Well my drawing is not Magritte by any means but used the style of his Apple image and made 3 images.
1.Normal
2.Contrast and Levels
3.Contrast, Levels and colour down to -95
Not sure which one I prefer now It's been another learning curve doing the Apple and incorporating into my amateurish Magritte but all in all, enjoyable.
Stygg
It's the process that matters to the artist, not necessarily the finished piece, stygg.
Just play with it until you're happy, ignore Magritte for a while and focus on what you see and feel, not someone else, and get happy in the immersion process.
That's what I do, honest!
-g
I'm happy with the apple its self and the background and foreground so out of the three I prefer the contrast image, all I've added is what I was trying to purvey without tall buildings!! I think you'll get the title
Stygg
I won't spoil it for others, stygg, but I believe I know the title. Lived there for almost 20 years, never toured the green chick's head, though.
Now, stygg, moving, on let me ask you: does the background stylistically integrate with the foreground? Do you have shadows casting on the brick wall from the apple resting there? The apple is a highly photorealistic rendering, while I believe not as much effort went into the subordinate elements.

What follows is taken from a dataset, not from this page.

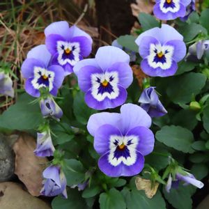 祭りで頂いた「ビオラ」を花壇に植えていただきました。 パチリ お花が4cmより小さかったので「ビオラ」としましたが、 「パンジー 虹色スミレ スイートラブ」かも。😊

I'm only trying to help you move ahead, stygg, and not being destructively critical. Brute honesty here: I don't think you're done with this composition yet.
Now is the time to think analytically more than you feel about the work. Head and Heart often have to work together harmoniously.
And thinking lots of times means "not doing." So don't pick up the Pen tool or anything; just reflect on the piece for a day, consider other avenues, refinements, make thinking about it part of the process.
And enjoy the process.
"Produce Great Art you will not, if too hard you try."
— (you know which Star Wars character already)
Thanks for feedback Gary and your absolutely right, not much effort went into the subordinate elements. Will sit back and consider what I had in mind in the first place and that was a more greyish wall and the sky and clouds a bit unsettling, darker, storm on the way sort of thing and also shadows which I missed out completely. I think all that would make the apple "pop" and overall convey the message I saw in this image "The Big Apple" and that was, everyone wants to make it to New York and America but it's not always plain sailing. Looks like thinking about art makes one philosophical as well
Stygg
That's the ticket, stygg. You understand what I meant, which is difficult for most bipedal creatures, and you should weigh how much you want to make this piece a winner against the time you have, against the technical versus the emotional fork in the road we all have to decide upon.
Wow. I not only made it to New York but I was born here. New York State, not the city.
They say there's a broken light for every heart on Broadway.
(that was a joke).
-g
I think this is as far as I can go with this image Gary or should I say want to go? Stuck now between art and techno, the fork you mentioned but still pleased with the outcome- the Apple and the underlying message I wanted the image to put across.
Stygg
Gawd, I love it, Stygg. Tone down the apple a little because the scene is not casting so much ambient light on it.
Real easy to do: use the Levels command on it.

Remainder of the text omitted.